Ask your instructor to set up federation on noc.ws.nsrc.org to collect data from all the campuses. They will need to add a new scrape job to prometheus.yml:
- job_name: 'federate'
scrape_interval: 2m
honor_labels: true
metrics_path: '/prometheus/federate'
params:
'match[]':
- '{job="snmp"}'
- '{job="node"}'
static_configs:
- targets:
- 'srv1-campus1.ws.nsrc.org'
- 'srv1-campus2.ws.nsrc.org'
- 'srv1-campus3.ws.nsrc.org'
- 'srv1-campus4.ws.nsrc.org'
- 'srv1-campus5.ws.nsrc.org'
- 'srv1-campus6.ws.nsrc.org'
When this is done, you should be able to access the web interface at http://noc.ws.nsrc.org/prometheus and perform queries - or add noc.ws.nsrc.org as another data source in your grafana dashboard.

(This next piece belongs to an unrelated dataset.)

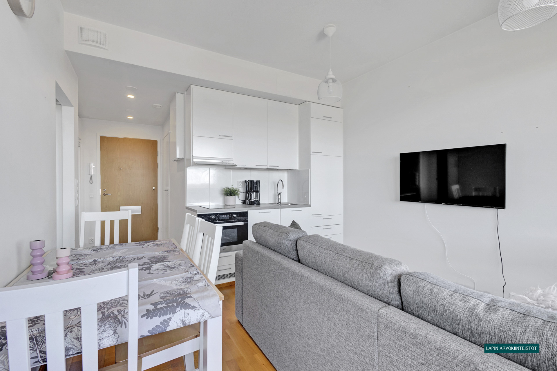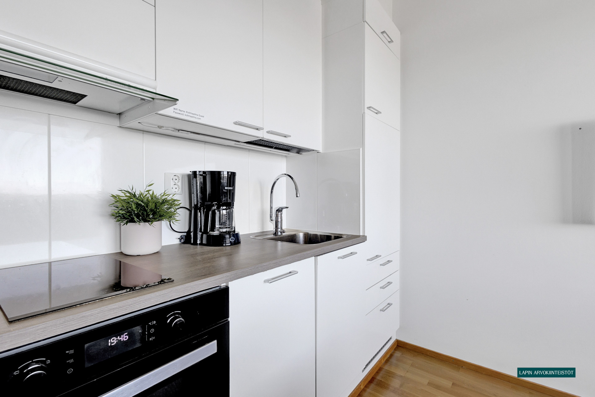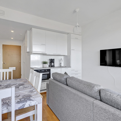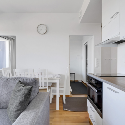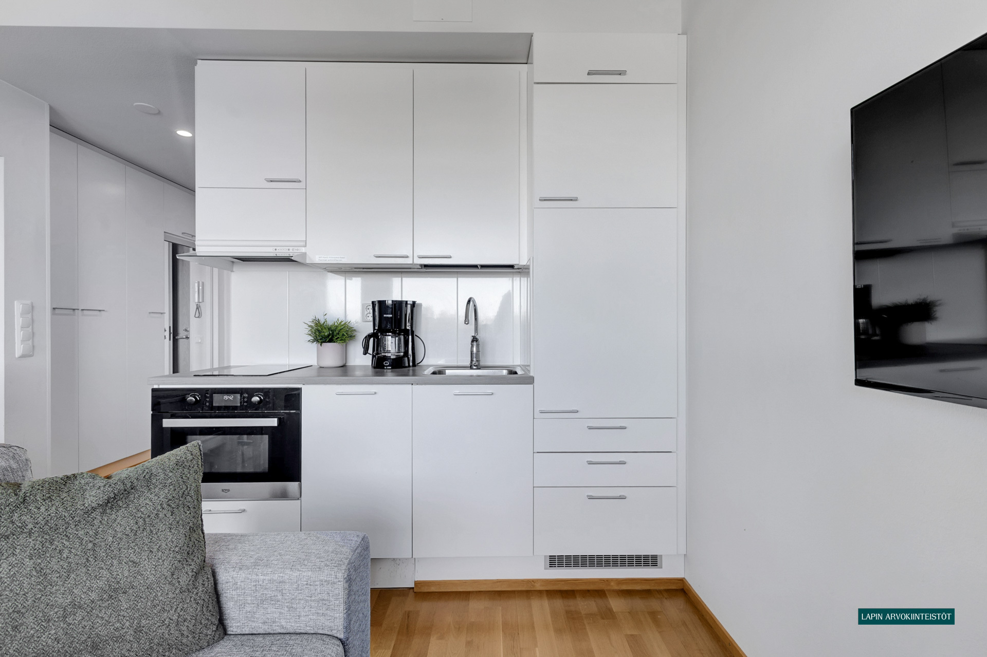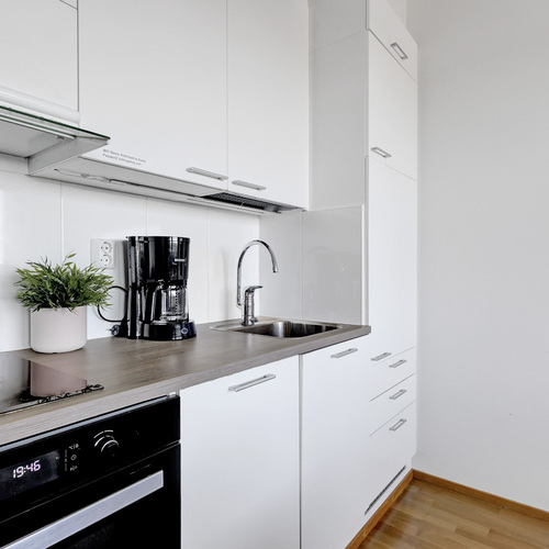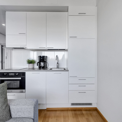 Varusteet: jääkaappi, induktioliesi, mikroaaltouuni, astianpesukone

Use up{job="federate"} as a query to check you’re seeing
data ingested using this federation job.
By default, prometheus stores data for 15 days. You can change
this by setting the configuration flag
--storage.tsdb.retention.time. This setting is global and
applies to all metrics.
However, prometheus’ database is not really designed for long-term storage. For long-term metric archival, you may be better off using a remote storage system such as VictoriaMetrics or Thanos.
To save storage and to speed up querying, you may also wish to store your long-term data at a lower resolution. This can be done by:
This is just information for reference.
For high availability in prometheus, simply run multiple prometheus servers scraping the same targets. You can use promxy in front of them to get a merged view: promxy will “fill in the gaps” where one server doesn’t have any data.
For high availability in alertmanager, you can run multiple alertmanagers in a cluster. You need to add flags to each alertmanager so they know about each other, and configure prometheus to talk to all alertmanagers.
If you have separate prometheus servers in multiple campuses or data centres, you might want a separate alertmanager (or alertmanager cluster) in each campus or data centre. To get a global dashboard which shows you all the alertmanagers, you can install karma or alerta.